Önümüzdeki yıllarda belki de gezegendeki tek zeki yaşam
formu olmayacağız. Son zamanlarda sürekli konuşulan zincirleme iki kelime var:
Yapay Zekâ. İnsan zekâsını ve bu zekânın nerede kullanıldığını hala iyi bir
şekilde tanımlayamazken zekâyı bir de teknolojiyle birleştirmek bu kavramın
anlaşılmasını güçleştiriyor. Şu an bir bilgisayarın veya bilgisayar
kontrolündeki bir robotun çeşitli faaliyetleri zeki canlılara benzer şekilde
yerine getirme kabiliyeti olarak literatürde yer alan yapay zekâ araştırmasının
merkezinde insanın düşünme yöntemlerini analiz ederek bunların benzeri yapay
yönergeleri geliştirmek var. Günümüzde yapay zekâ, programlanmış bir
bilgisayarın düşünmesi gibi görünse de gelecekte insan zekâsından bağımsız
gelişebilecek bir kavram olarak karşımıza çıkabilir.
Bu noktada akılları
kurcalayan soru ‘’Eğer akıllı makineler yaparsak bizden daha zeki hale
geldiklerinde kontrolü ele geçirmezler mi?’’ oluyor. İngiliz astrofizikçi
Stephen Hawking’in yanıtı şu: ‘’Yapay zekâ
insanlığın en büyük keşfi olabilir. Bu keşfin neden olacağı risklere karşı
önlem almazsak ise son keşif olabilir.’’
Ben sizlere yapay zekânın fikir babası Alan Turing’in
hayatını konu alan The Imitation Game isimli filmden bahsetmek istiyorum.

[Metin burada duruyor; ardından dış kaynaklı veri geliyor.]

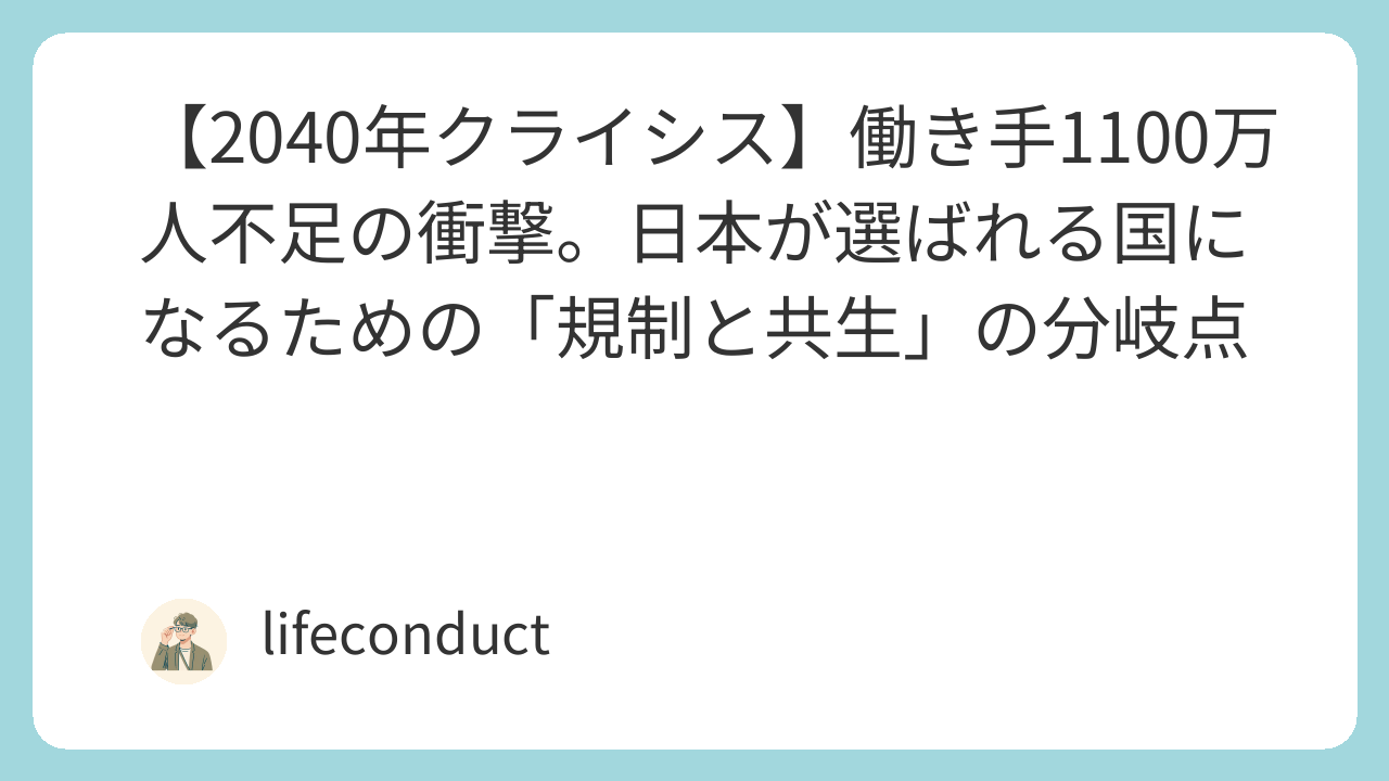 【2040年クライシス】働き手1100万人不足の衝撃。日本が選ばれる国になるための「規制と共生」の分岐点

İkinci Dünya Savaşı yıllarında geçen film, kriptolog olan Alan Turing’in Alman
şifrelerinin kırılmasında oynadığı büyük rol üzerine yoğunlaşmış. Başta Almanların kırılamaz denilen Enigma kodunu
kırmak amacıyla Bombe adını verdiği makineyi yaratmak için komutanlarla girdiği
mücadele ve ekip arkadaşlarıyla yaşadığı çatışmalara odaklanılıp sonrasında
Turing’e inanmayan komutanların makinenin çalıştığını görmesiyle durumun boyut
değiştirdiği gösterilmiş. Filmde Alan Turing, ‘’Bazen kimsenin hayal edemediği
şeyleri, hayal edip yapabilen insanlar vardır.’’ kategorisinde olan biri.

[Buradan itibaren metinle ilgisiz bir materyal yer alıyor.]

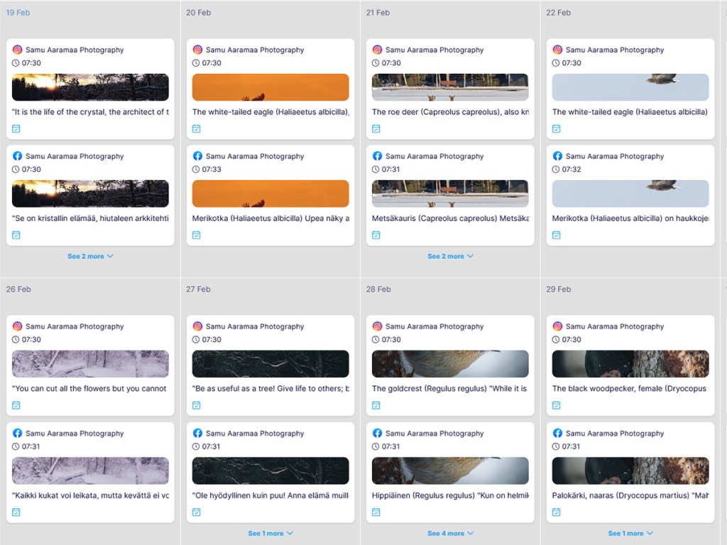Mutta se ei vielä minulle riitä. Haluan esimerkiksi jakaa saman kuvan, mutta Facebookissa laitan suomenkielisen tekstin ensin ja sitten vasta englanninkielisen – Instagramissa toisinpäin. Käytän myös eri avainsanoja eri alustoilla. Facebookin Meta Business Suitessa tämä on mahdollista, mutta ominaisuuksia puuttuu vielä. Esimerkiksi Publerissa pystyy valitsemaan myös, mihin albumiin kuva julkaistaan Facebook-sivulla. Ja siellä voi myös lähettää kommentin heti julkaisun perään tai ajastaa sen.

Turing’in çocukluğuna, eşcinselliğine ve savaş
sonrası İngiliz hükümeti tarafından kimyasal yollarla hadım edilmesine de
değiniliyor. Yoğun olarak flashback kullanılmış. İkinci Dünya Savaşı bölümüne
flasback yapmak için Turing’in sorgu odasında dedektife hikayesini anlatmasıyla
yapay zeka konusunda bize göz kırpılıyor aslında. ‘’Makineler düşünebilir mi?’’
sorusuyla başlayan diyalog Turing’in şu cümleleriyle devam ediyor: ‘’Elbette makineler de insanlar gibi
düşünebilirler. Makine insandan farklıdır. Dolayısıyla farklı düşünürler.
İlginç soru şu ki, bir şey yalnızca sizden farklı düşündüğü için bu düşünmediği
anlamına mı gelir?..'' Diyaloğun akıbeti dedektifin ‘’Peki yazdığınız büyük makale bu mu?’’ diye sormasıyla devam ediyor.
Evet, ‘’Bilgisayar Mekanizması ve Zeka’’ isimli makalenin kendisidir filmde bahsi geçen. Bir makinenin düşündüğünü saptamak amacıyla bir deney tasarlayan Turing'in bu testi günümüze kadar gelmiştir.
Evet, ‘’Bilgisayar Mekanizması ve Zeka’’ isimli makalenin kendisidir filmde bahsi geçen. Bir makinenin düşündüğünü saptamak amacıyla bir deney tasarlayan Turing'in bu testi günümüze kadar gelmiştir.
Problem çözmeyi seven ve dünyadaki en zor problem olan
Enigma’yı çözen bu adam tarihçilere göre II. Dünya Savaşı’nı iki yıldan fazla
kısaltarak 14 milyon hayatı kurtarmıştır. Bunun yanında Turing’in çalışmaları bilim
adamlarının ‘’Turing Makineleri’’ diye adlandırdığı araştırmaya ilham kaynağı olmuştur. İşte biz o makinelere bilgisayar diyoruz bugün. Bu yazıyı okuduğunuz akıllı olan her şeyin temelini atan adam The Imitation Game filminde izlenmeye değer bence.